### Exercise objective
For the data below, transcribe the part that opens with the line containing "20.在印度,一头大象被火车撞伤致死,一个小女孩为它举行了花瓣葬礼" and closes with the line containing "Ответ на задание", exactly and with no pictures.

### Data records
• • • • •
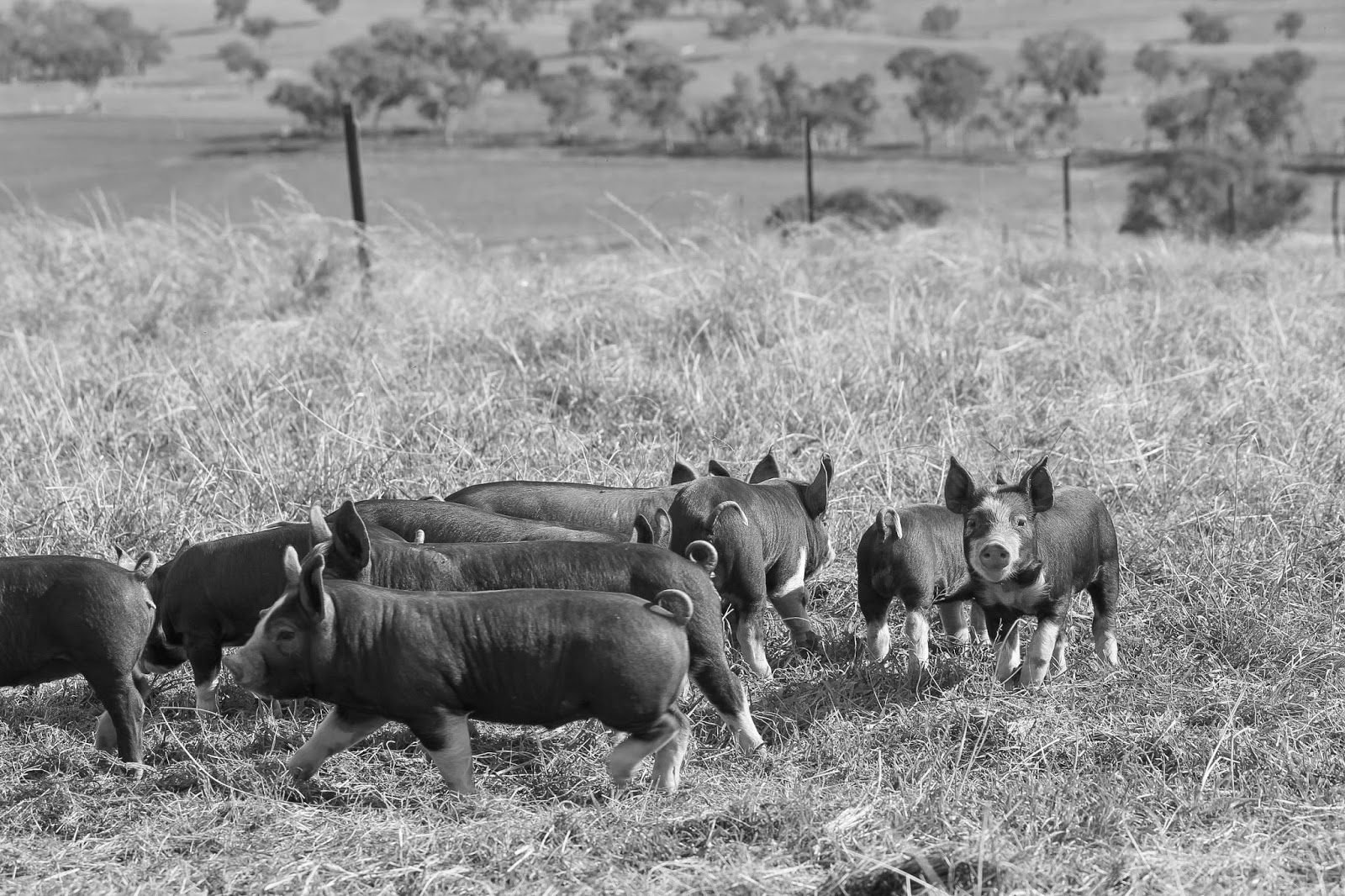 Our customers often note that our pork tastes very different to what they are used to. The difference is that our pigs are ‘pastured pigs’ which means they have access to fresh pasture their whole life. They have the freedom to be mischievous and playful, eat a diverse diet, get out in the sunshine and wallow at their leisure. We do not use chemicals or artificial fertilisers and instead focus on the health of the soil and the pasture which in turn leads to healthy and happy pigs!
• • • • •
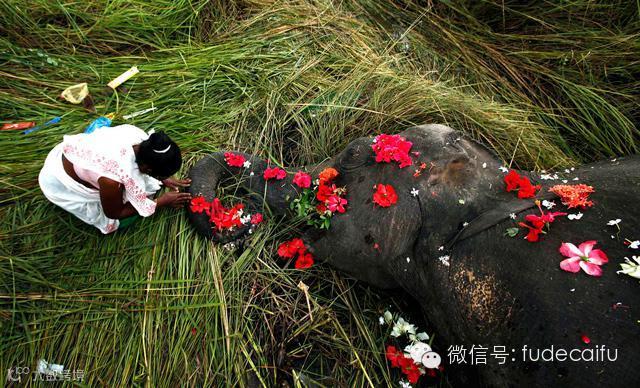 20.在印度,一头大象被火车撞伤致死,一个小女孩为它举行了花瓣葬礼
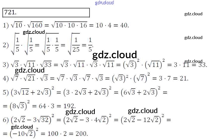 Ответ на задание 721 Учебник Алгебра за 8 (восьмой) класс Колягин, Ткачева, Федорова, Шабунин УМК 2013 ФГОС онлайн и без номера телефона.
• • • • •
### Answer below
 20.在印度,一头大象被火车撞伤致死,一个小女孩为它举行了花瓣葬礼
 Ответ на задание 721 Учебник Алгебра за 8 (восьмой) класс Колягин, Ткачева, Федорова, Шабунин УМК 2013 ФГОС онлайн и без номера телефона.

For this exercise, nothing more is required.